*What you have to do*
Beneath this instruction is a listing. Transcribe from it only the stretch from the line with "Redefine your formal" through the line with "First, ordinary Christians, Christians", both end lines included, exactly as written.

*** Data for review ***

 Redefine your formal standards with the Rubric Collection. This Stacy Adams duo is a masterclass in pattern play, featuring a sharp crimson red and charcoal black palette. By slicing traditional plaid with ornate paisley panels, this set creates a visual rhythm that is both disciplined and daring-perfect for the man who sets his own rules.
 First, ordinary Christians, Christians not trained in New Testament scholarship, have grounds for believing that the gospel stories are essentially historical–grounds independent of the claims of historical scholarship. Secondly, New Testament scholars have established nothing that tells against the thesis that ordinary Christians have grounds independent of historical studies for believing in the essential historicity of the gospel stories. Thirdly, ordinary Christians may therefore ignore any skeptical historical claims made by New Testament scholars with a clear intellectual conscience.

*** End of Data for review ***
*** Data for review ***

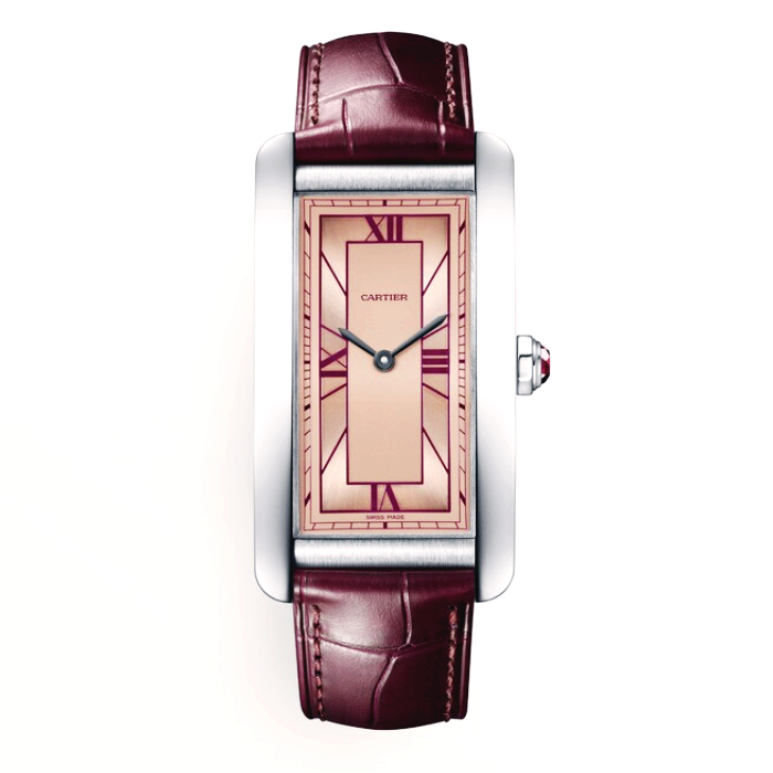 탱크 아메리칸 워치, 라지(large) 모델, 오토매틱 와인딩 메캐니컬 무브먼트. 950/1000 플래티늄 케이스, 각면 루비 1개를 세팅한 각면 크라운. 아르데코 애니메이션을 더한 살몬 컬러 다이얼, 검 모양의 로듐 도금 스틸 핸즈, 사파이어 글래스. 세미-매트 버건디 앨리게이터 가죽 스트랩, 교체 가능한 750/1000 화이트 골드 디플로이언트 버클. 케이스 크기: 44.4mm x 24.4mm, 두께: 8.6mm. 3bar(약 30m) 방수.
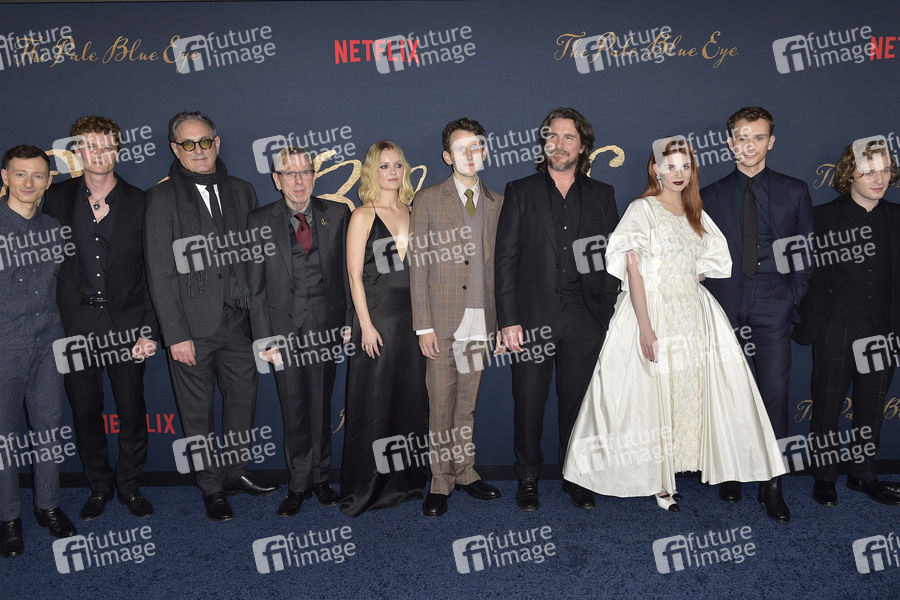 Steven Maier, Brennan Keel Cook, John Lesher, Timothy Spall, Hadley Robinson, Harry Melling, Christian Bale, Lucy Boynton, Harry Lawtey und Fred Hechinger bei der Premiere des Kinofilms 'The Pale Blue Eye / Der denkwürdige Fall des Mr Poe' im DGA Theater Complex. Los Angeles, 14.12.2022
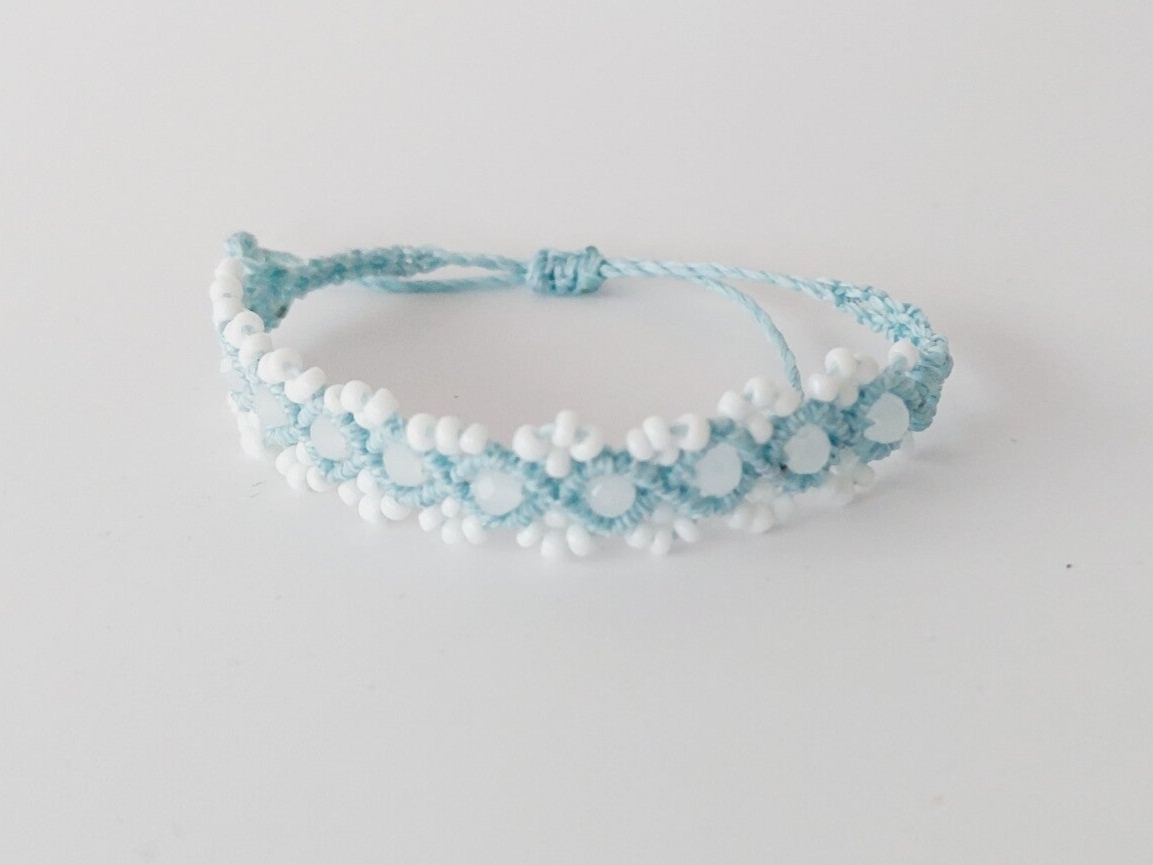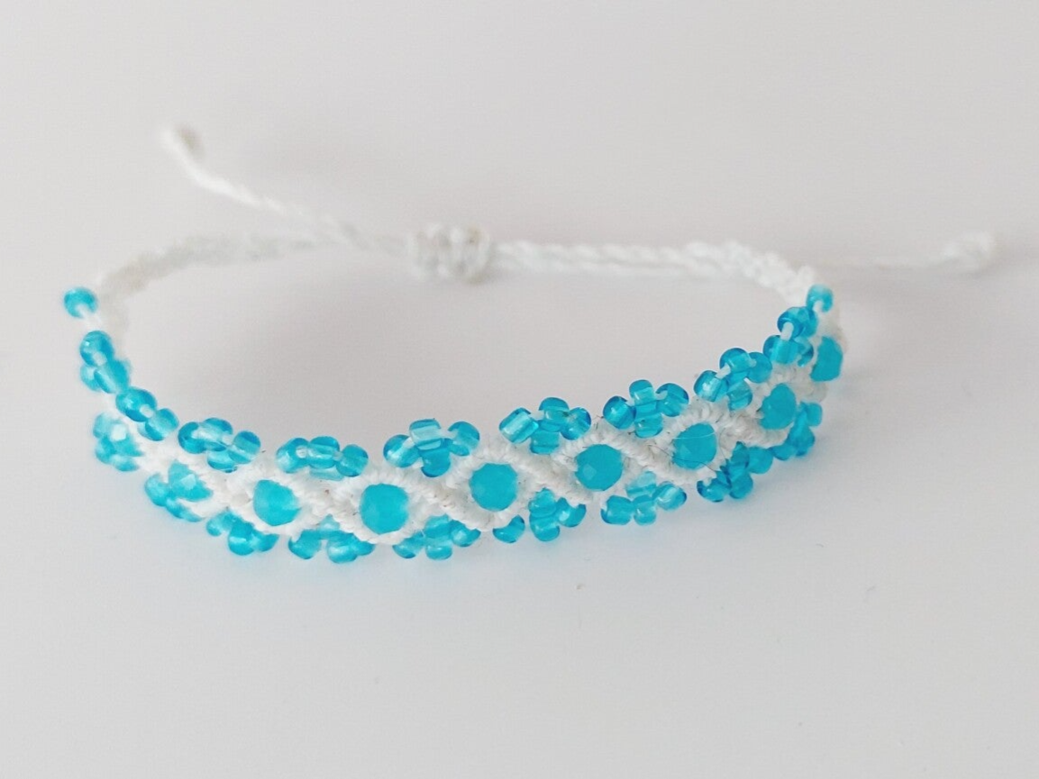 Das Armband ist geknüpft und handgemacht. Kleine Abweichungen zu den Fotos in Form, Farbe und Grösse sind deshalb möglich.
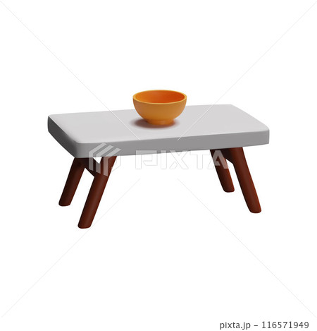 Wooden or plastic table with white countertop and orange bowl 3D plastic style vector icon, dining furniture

*** End of Data for review ***

*Worked solution*
 Redefine your formal standards with the Rubric Collection. This Stacy Adams duo is a masterclass in pattern play, featuring a sharp crimson red and charcoal black palette. By slicing traditional plaid with ornate paisley panels, this set creates a visual rhythm that is both disciplined and daring-perfect for the man who sets his own rules.
 First, ordinary Christians, Christians not trained in New Testament scholarship, have grounds for believing that the gospel stories are essentially historical–grounds independent of the claims of historical scholarship. Secondly, New Testament scholars have established nothing that tells against the thesis that ordinary Christians have grounds independent of historical studies for believing in the essential historicity of the gospel stories. Thirdly, ordinary Christians may therefore ignore any skeptical historical claims made by New Testament scholars with a clear intellectual conscience.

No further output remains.